The overriding goal of Prime Minister Manmohan Singh’s summit with his American counterpart was to determine what position India held in the worldview of Barack Obama’s administration. The impression is that Mr Singh has been reassured. The rhetorical contrast with the American president’s recent visit to China is striking. The India-US joint statement speaks of the two countries’ common values, of a bilateral partnership that was good “for peace, stability and prosperity in Asia, and for the betterment of the world.” Mr Obama said the United States welcomed India as “a leader in Asia and around the world” and became the first US leader to publicly adopt the Indian formulation of the two being “natural allies”. When he was in Beijing, Mr Obama spoke of the US and China moving from rivalry to mere competition. The only value the two countries agreed should undergird their relations was a bland “respect for each other’s sovereignty and territorial integrity.”

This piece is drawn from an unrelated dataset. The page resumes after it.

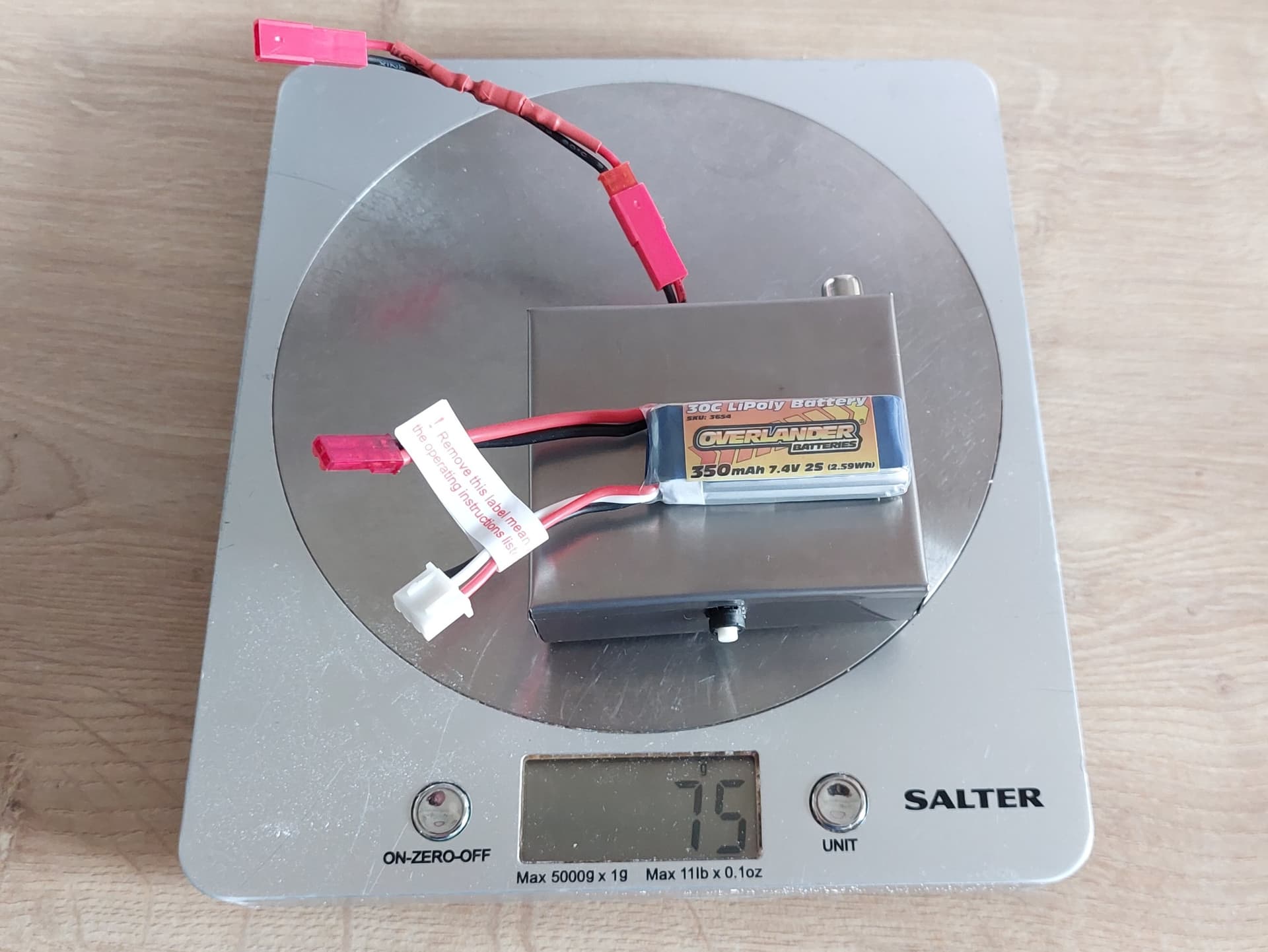 I’ve used PP3 batteries in the past, for the LA1KHA challenge, but these weigh in at >30g just by themselves. The USB rechargeable lithium 9v batteries aren’t any better. I decided upon a 350mAh 2S lipo, weighing around 18grams.
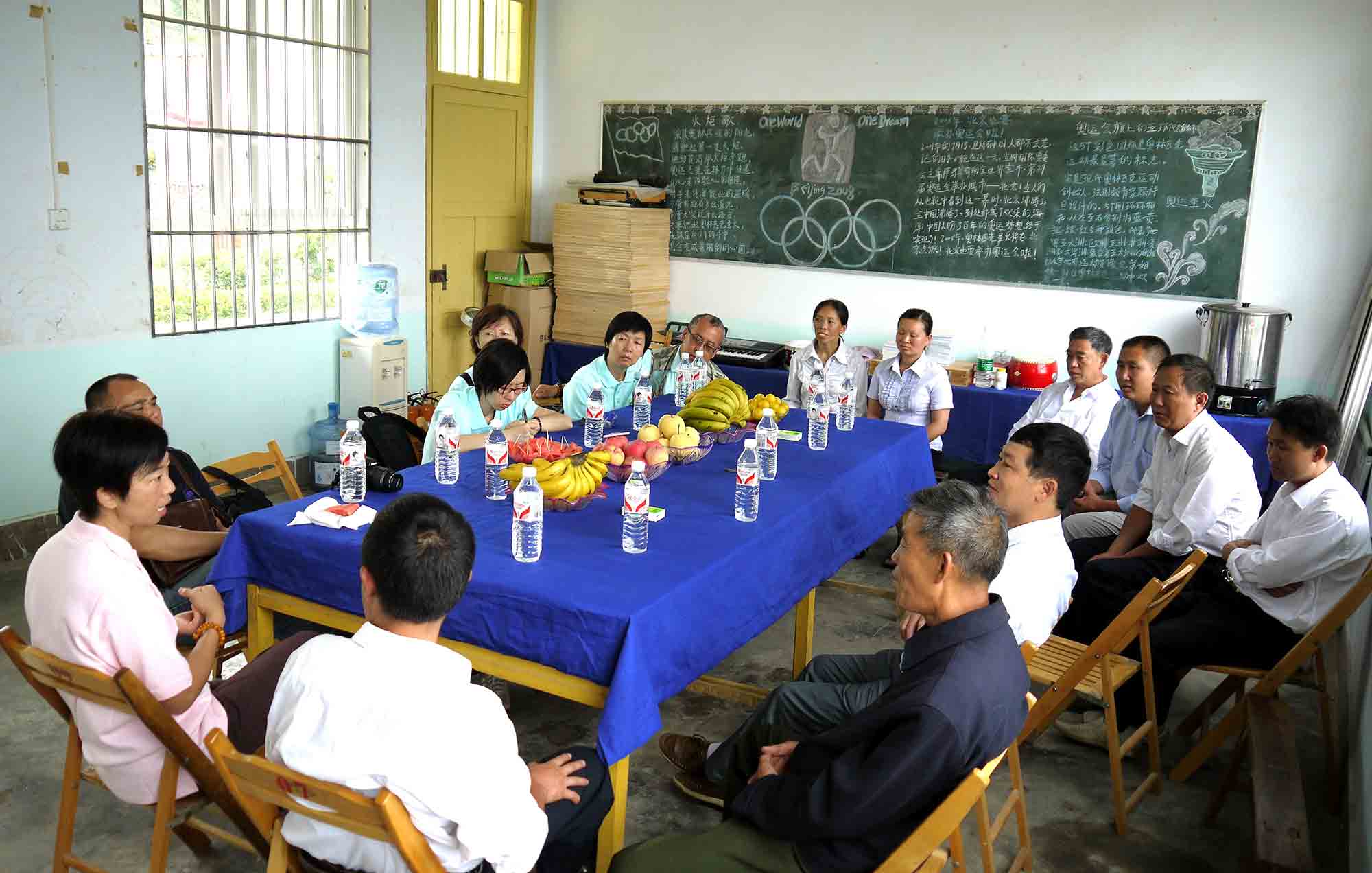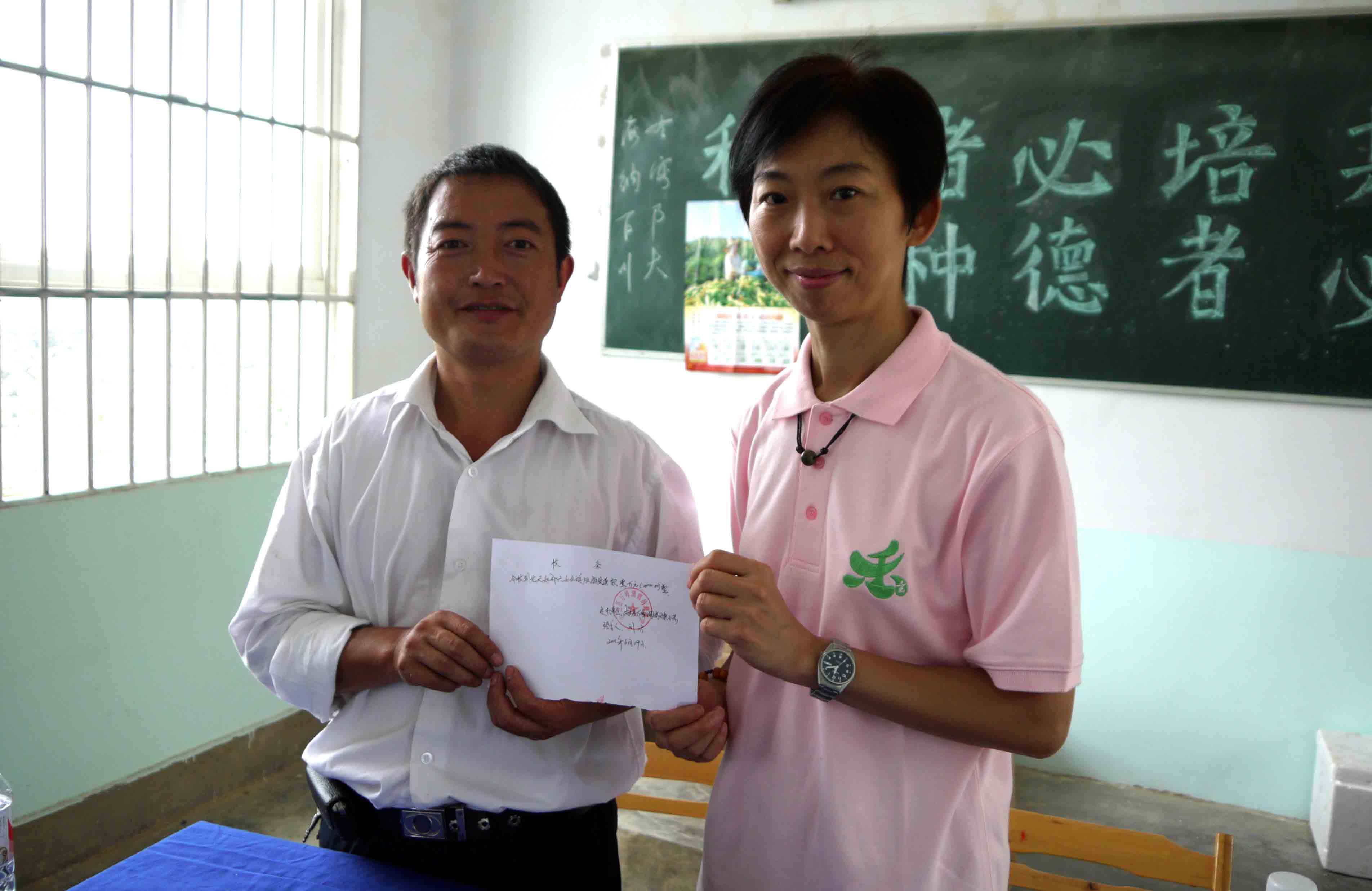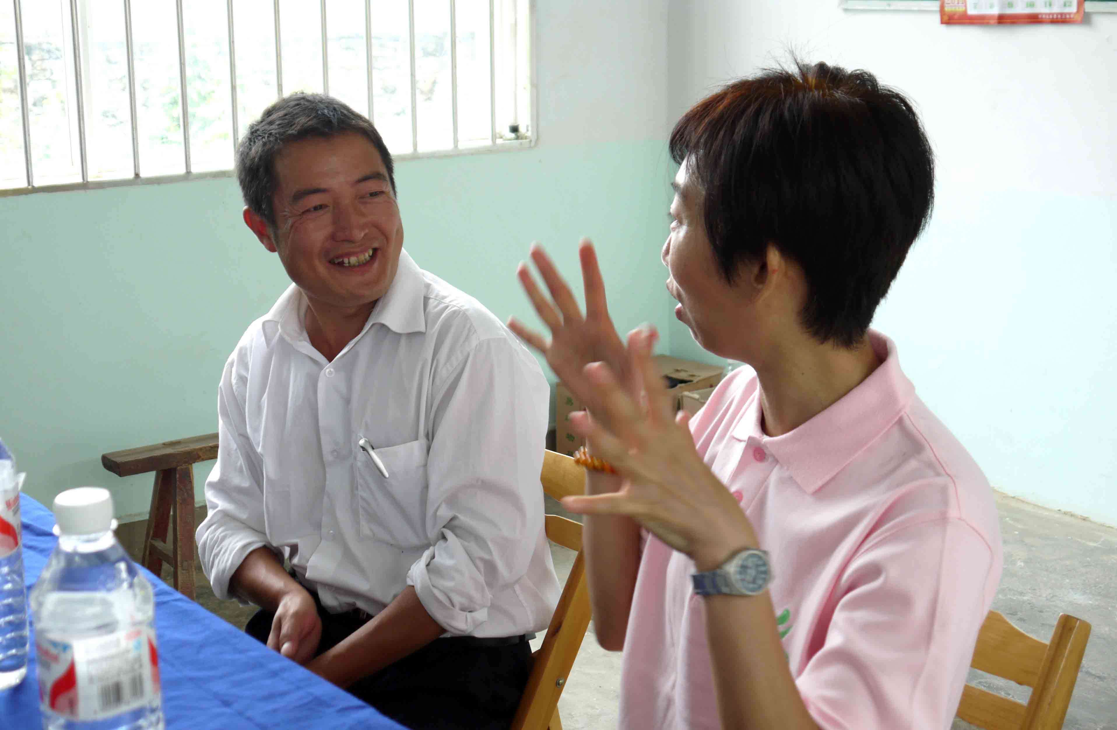師父甫到步,便與前書記、退休領導王主任、納賴小學劉方校長(右二)、毛草坪小學劉波校長、關山小學查連敏校長、納賴小學老師們作交流。 師父:「接近大自然是最美好的,人沒有受污染,純樸。大自然生活的人開心,香港生活愁眉苦臉,因為覺得苦。這裏的小孩,見到的都是笑臉,充滿希望。看到校長、老師愛學生的心,覺得山區學生很有福。」劉方校長:「香港學生壓力很大?」 師父:「很多測驗、考試、功課,學生壓力很大,不開心。」劉波校長:「這裏的學生單純,沒有上網。曾經有一名學生父母照顧得太好,孩子只顧讀書就可以了,終於考上了北大,但自理能力太差,連排隊打飯也不懂,在北大讀了半年,學校要求他休學半年,學好(照顧自己)了回去再讀。」 師父:「很希望香港澳門的學生到山區探訪。」最後, 師父將港澳的善心捐款捐贈納賴小學。感恩 師父!

Nonetheless, principles are relevant because of their ability to ease the way for tangible cooperation. The summit lacked for path-breaking agreements, including the leftovers of the civilian nuclear agreement, and only had a set of high-sounding tie-ups in climate change and education. This partly reflects the speed with which the summit was put together: Mr Obama is the first US president to host an Indian leader in the first year of his presidency. The evidence is that the diplomatic paper trail to the summit was incomplete. Over the coming years, he will have to show that he’s prepared to go out of his way to promote the trajectory of Indian power. Mr Singh understands that the greatest US assistance lies in helping sustain the country’s economic growth, making up for India’s many deficits in education, food security and technology.
But security cannot be outside any India-US parley. India lives in a tough neighbourhood and the US is a military force in the region. Pakistan barely makes an appearance in the summit’s formal communications — a fall-out of India’s determination to dehyphenate itself from its neighbour. Yet Mr Singh was certainly relieved by Mr Obama’s promise to “finish the job” in Afghanistan. A US withdrawal would have been the stuff of nightmares for India’s security. The summit was a success in sketching a roadmap for the future of the relationship. The test will be to see how well the map can be navigated in the real world.